Let's face reality: not all of us were born lucky enough to have little to no hair on their body. Some of us—myself included—are very hairy and are, in turn, often ridiculed because of that.
Let's face reality: not all of us were born lucky enough to have little to no hair on their body. Some of us—myself included—are very hairy and are, in turn, often ridiculed because of that.
This causes a change in how hairier girls are treated by the mainstream media, almost always offering little to no representation for them. When you do see hairy girls on TV, it's usually as a joke or as a way of mockery.
Girls with hairy underarms are always portrayed to be dirty unclean hippies in movies, and I'm sure we've all seen those teen transformation movies where the "before" image is always someone with a hairy upper lip and bushy brows.
"Remember to wax your underarms at all times—and your face, and your arms, and your legs..."
It's a depressingly endless cycle. Often, this message is told to us by men, but sadly enough, a large number of women think and say the same. Time and time again, girls are told that having hair anywhere other than on your scalp or on your eyebrows—which, apparently, should always be on fleek—is some sort of evil man-hater taboo that should be avoided at all times.
Meanwhile, men get to enjoy #NoShaveNovember and look at body hair as a status symbol for strength and manliness. Since everybody seems to have forgotten, let me remind you all what it all really means.
Hair is actually just that: hair!
Shaving has been a practice that has become a normal routine for most woman and men, especially for those that grow hair faster than others. However, it wasn't always a normal practice.
Originally, women didn't wax, nor shave their body hair—they were always covered up anyway, so there wasn't any point to it. But at the time, the advertisements that were being published worldwide would tell women that no one would find you beautiful if you had hair on your underarms just so companies could sell their razors and waxing strips.
Just a bit of advertising and body shaming quickly got every woman on the block buying said razors and shaving them clean. Until now, many still expect females to uphold this standard of soft, smooth, flawless skin—not a bump or a scratch or a single strand of hair destroying the image of femininity. Slowly, throughout the decades that pass, girls all over are starting to break that standard little by little.
As we as a society progress, more and more girls around the world are starting to feel happy and comfortable with the hair that grows on their bodies, unafraid to go out with unshaven legs or with their arms raised up in the air, uncaring of who may judge them. Some have even gone as far as dying their armpit hair!
Hopefully this type of body positivity will grow, and women everywhere will be able to leave the house either shaven or unshaven without having to explain to anyone why they have or have not done so.

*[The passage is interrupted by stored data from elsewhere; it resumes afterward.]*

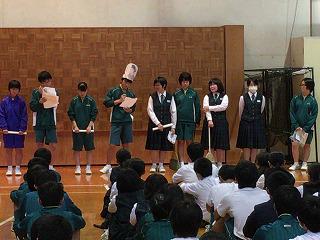 22日土曜日に行われる地区駅伝大会に向けての壮行会と、保健委員、美化委員が担当での生徒集会が行われました。日々厳しい練習に耐え抜いてきた駅伝部の生徒には、大会で努力の成果を発揮して、1秒でも速く、襷を繋いでほしいと思います。保健委員からは手洗いの仕方についての説明、美化委員会からは箒の歴史や、正しい使い方の説明などがありました。どちらも参考になるアドバイスなので、実践していきたいものです。
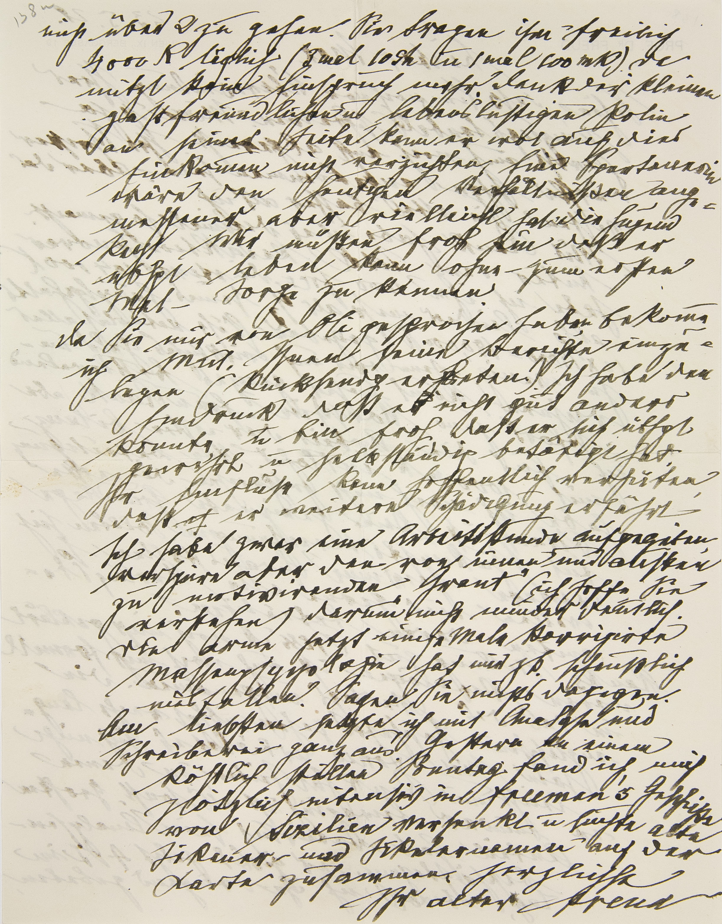 Ich habe zwar eine Arbeitsstunde aufgegeben, verspüre aber den von innen und außen zu motivierenden „Grant“5 (ich hoffe, Sie verstehen) darum nicht minder deutlich. Die arme, jetzt einige Male korrigierte ‚Massenpsychologie‘ hat mir z. B. scheußlich mißfallen. Sagen Sie nichts dagegen. Am liebsten setzte ich mit Analyse und Schreiberei ganz aus. Gestern an einem köstlich stillen Sonntag fand ich mich plötzlich intensiv in Freemans ‚Geschichte von Sizilien‘ versenkt und suchte alte Sikaner- und Sikulernamen6 auf der Karte zusammen. Herzlichst
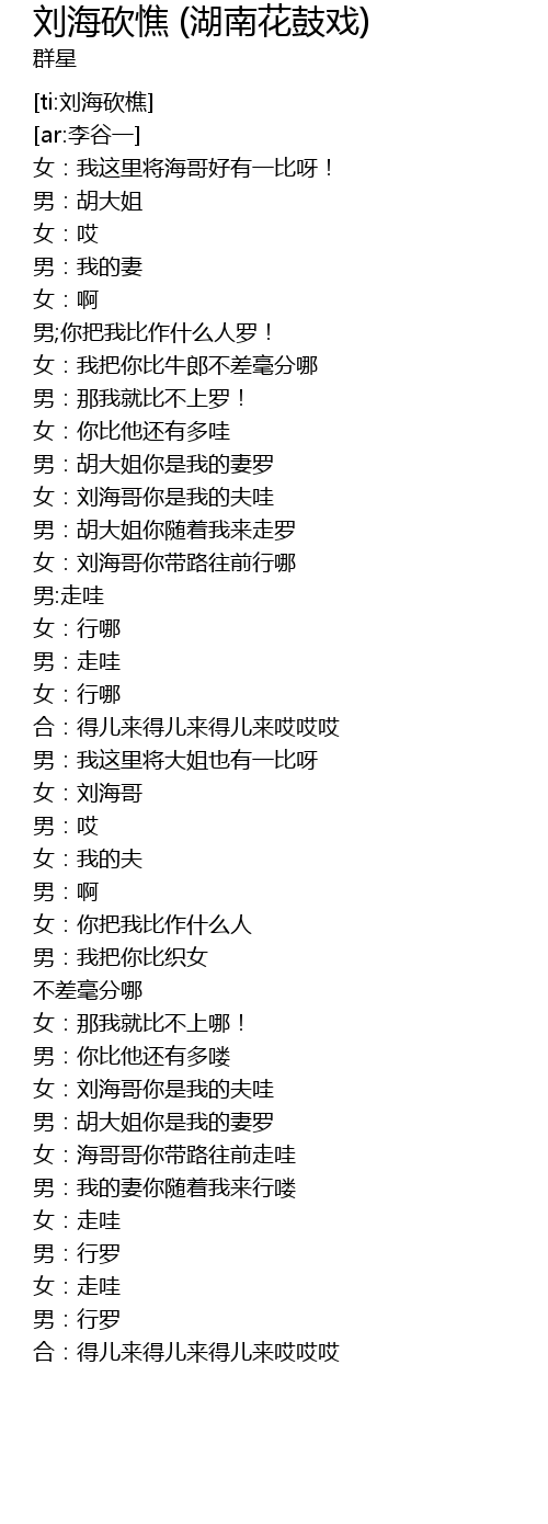 | [01:18.324] | 女:刘海哥你带路往前行哪 |
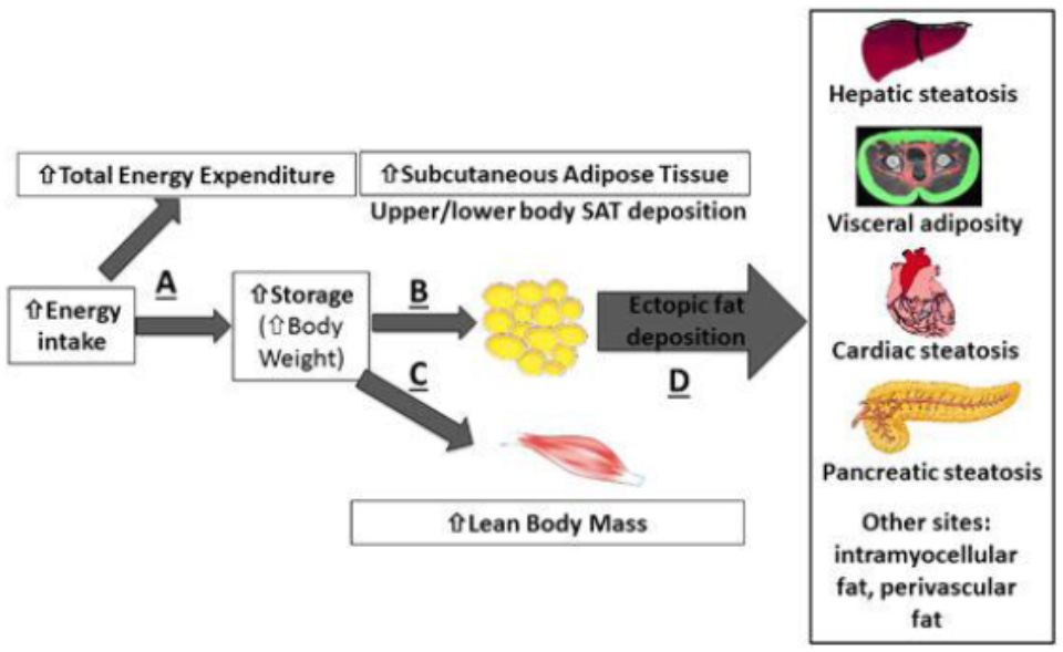 ร่างกายของเรามีกลไกในการกำจัดหรือเก็บสะสมของพลังงานจากอาหารที่เรารับประทานเกินความต้องการใน 4 รูปแบบ A. ร่างกายเราจะเอาไปใช้เป็นพลังงานเพิ่ม ถ้าเราเอาพลังงานส่วนเกินตรงนี้ไปใช้ทั้งหมดในกิจกรรมต่างๆ เช่นออกกำลัง น้ำหนักของเราก็จะไม่เพิ่ม B. ถ้าเราใช้ไม่หมดในกิจกรรม หรือออกกำลัง พลังงานส่วนเกินจุดนี้จะไปสะสมเป็นไขมัน ในเซลล์ไขมัน ( Adipose tissue ) C. หรืออาจจะนำไปใช้สร้าง Lean tissue ดังนั้นถ้าเราต้องการสร้างกล้ามเนื้อเราก็เพิ่มพลังงานจากอาหาร D. สิ่งที่แย่สุดอยู่ตรงนี้ เมื่อพลังงานส่วนเกินสะสมในรูปในเซลล์ไขมันเต็มจนรับไม่ไหวแล้ว ไขมันจะเริ่มไปสะสม ( Ectopic fat deposition ) ในรูป Visceral fat , หรือสะสมในอวัยวะต่างๆ เช่น ไขมันพอกตับ ( Hepatic steatosis ) , ไขมันสะสมในช่องท้อง ( Visceral adiposity ) , ไขมันในหัวใจ ( Cardiac steatosis ) หรือ ตับอ่อน ( Pancreatic streatosis ) ปล. Adipose tissue เรียกง่ายๆว่า body fat พบได้ทั่วไปในร่างกายในรูปไขมันใต้ผิวหนัง ( subcutaneous fat ) หรือสะสมในอวัยวะต่างๆในรูป visceral fat, ระหว่างกล้ามเนื้อ ภายในไขกระดูก หรือในเนื้อเยื่อเต้านม Ectopic fat deposition คือ ไขมันส่วนเกินที่สะสมในรูปของไตรกลีเซอไรด์ที่ใน non-adipose tissue ซึ่งมีส่วนทำให้เกิดภาวะดื้ออินซูลิน หรือ เบาหวานประเภทที่ 2 นอกจากนี้ไขมันในช่องท้อง (visceral fat) / ภายในช่องท้อง (intra-abdominal fat) ที่เพิ่มขึ้นเป็นตัวบ่งชี้ของ Ectopic fat deposition การอ้างอิง Britton, K.A., & Fox, C.S. (2011). Ectopic fat depots and cardiovascular disease. Circulation, 124(4), 837-841. https://doi/full/10.1161/circulationaha.111.077602 Lettner, A., & Roden, M. (2008). Ectopic fat and insulin resistance. Current diabetes reports, 8(3), 185–191. https://doi.org/10.1007/s11892-008-0032-z RN5504 Nutrition and Health through the Life Stages lecture, Clinical Nutrition, University of Aberdeen ขอขอบคุณข้อมูลจาก : https://www.facebook.com/JPplantbasednutrition/photos/a.316194400236512/230824552106831/?type=3 |

Hopefully this type of body positivity will grow, and women everywhere will be able to leave the house either shaven or unshaven without having to explain to anyone why they have or have not done so.
Sure, others may judge you—they'll say it's unhygienic, that it sets a bad example; some may even bluntly say that it's plain gross, but why should that stop you from living your life?
The next time you realize you've forgotten to shave after leaving your house, don't panic. Instead, embrace it. Keep your chin up, and keep that strut in your stride. You are who you are, and a bit of stubble on your chin isn't going to change that.